Houston-based Texas Children’s Hospital established a patient-centered medical home for children who suffered from chronic conditions and were not receiving the care they needed. As a result of the program, Texas Children’s Hospital added new Medicaid patients, standardized its referral process to eliminate access barriers, educated community providers on caring for complex patients and worked with disease-specific clinics to develop a transition plan.

 

Similarly, Round Rock, Texas-based Bluebonnet Trails Community Services, which provides mental health and disability services, worked with Guadalupe Regional Medical Center in Seguin, Texas to implement a patient navigation project for patients who frequent the emergency department (ED) due to behavioral health disorders in order to provide rapid triage and alternate service options.

 

These are just a few of the types of interventions that can lead to reduced hospital readmissions and provide better care for Medicaid and uninsured patients.
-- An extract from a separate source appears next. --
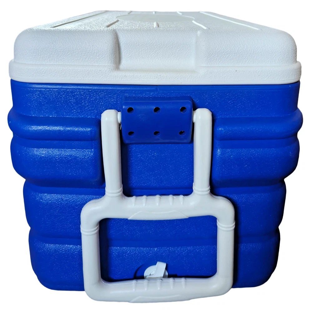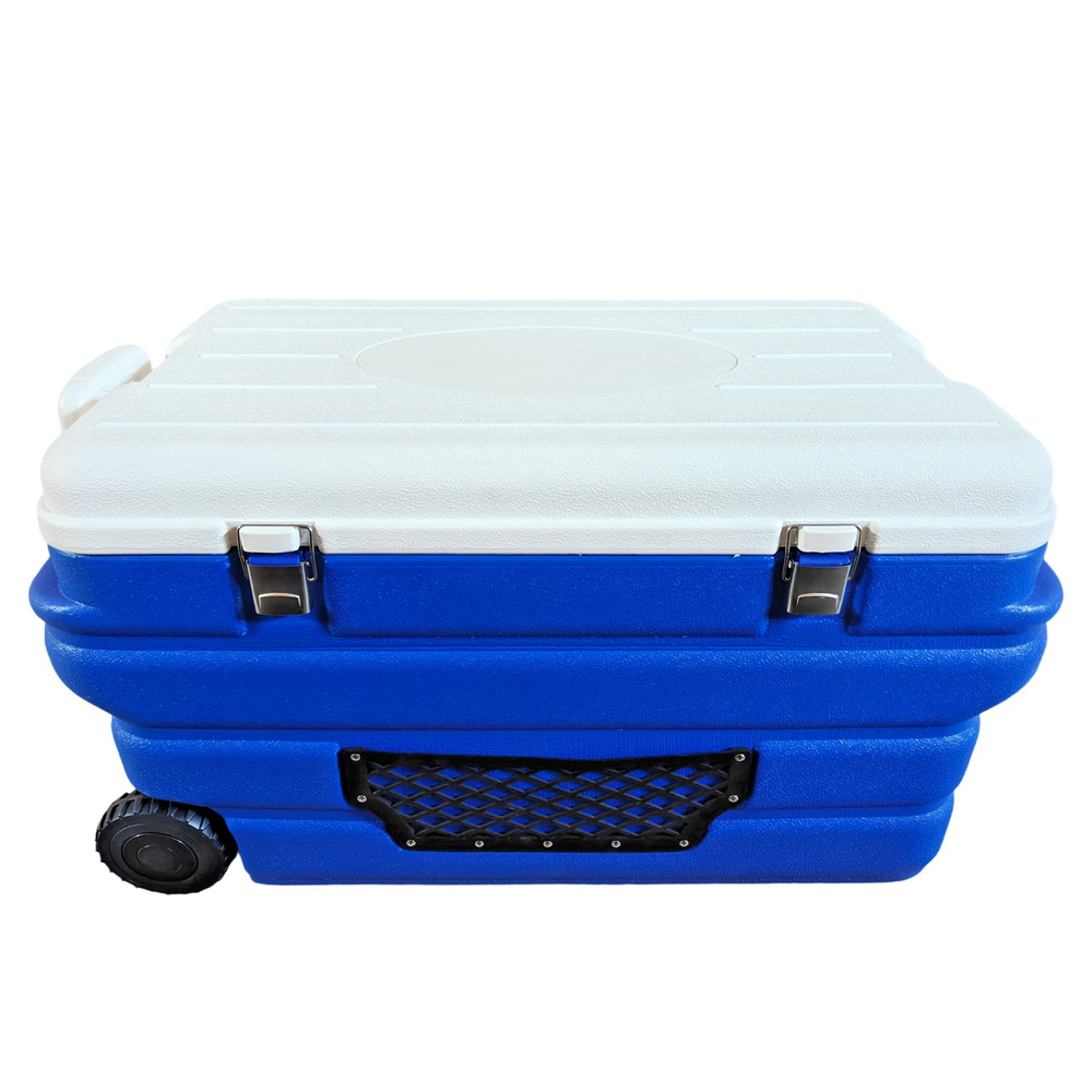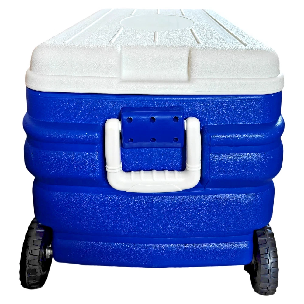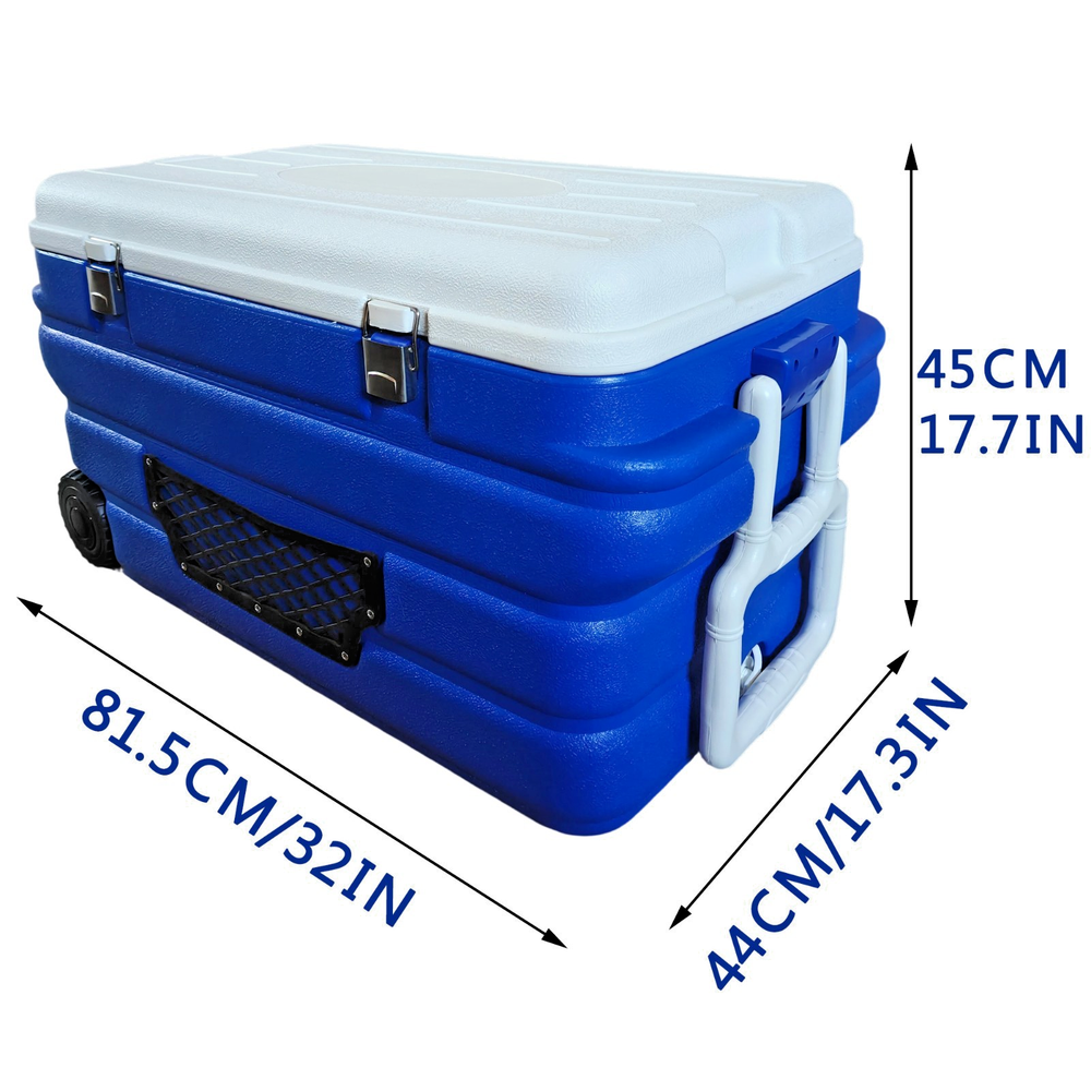 The 84-Quart Large Blue Plastic Cooler with Wheels is a versatile and durable option for outdoor activities such as camping, beach trips, fishing, traveling, and hiking. With a maximum insulation time of 72 hours and a capacity of 84.5 quarts, this ice box is perfect for keeping drinks and food cold for extended periods. The three compartments, portable design, and passive refrigeration type make it convenient for use in various settings. Made of lightweight yet sturdy plastic, this cooler weighs 27.6 lbs and features a matte finish, making it both practical and stylish for any adventure.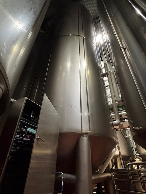Used 16,600 Gallon, Model "F" Special cone bottom, 304 Stainless Steel tank, dimple jacketed, cone bottom. Manufactured by Mueller. Dished head. 10' 1 7/8" OD x 36' 11 3/8" O.A.H., Shell rated 15 psi @ 100°F. Jacket rated 100 psi @ 100°F. Weight: 13,200 lbs. Built in 2008.Previous use: 400 BBL brewery fermentation vessel.

These projects were also established through a program that many health care executives are not familiar with—The Medicaid 1115 Waiver. Below are answers to the most frequently asked questions about Medicaid 1115 Waivers and how these programs are helping health care providers transform patient care.

 

  1. What is a Medicaid 1115 Waiver? First of all, it is not part of the Affordable Care Act (ACA). While these programs are influenced by the ACA, they are not driven by it. The waivers are meant to transform how care is provided to the Medicaid and uninsured populations by achieving the Triple Aim—a concept introduced by former Center for Medicare & Medicaid Services (CMS) Administrator Donald Berwick aimed at improving population health, improving the patient experience and outcomes and reducing costs of care. Think of 1115 waivers as accountable care organizations (ACO) for the Medicaid and uninsured population. The focus of the waivers is to use innovative demonstration projects to better manage and treat patients in the Medicaid and Children’s Health Insurance programs. The demonstrations typically focus on increasing enrollment, providing services not typically covered and using innovative service delivery systems to improve care and reduce costs.

 

  1. How innovative do the projects have to be? Innovation has two connotations. First, create something brand new that never existed and see if it works. This type of innovation is more the exception than the norm for many 1115 waivers. The second type of innovation involves looking at a practice that has been successful when applied to another population or location and applying those practices to your location or population in order to garner a better result. This is the type of innovation that most of the waivers are centered around. The 1115 waiver is about embracing Medicaid and uncompensated care patients and focusing on interventions to improve care. For example, implementing a clinical or care management protocol for diabetes screening.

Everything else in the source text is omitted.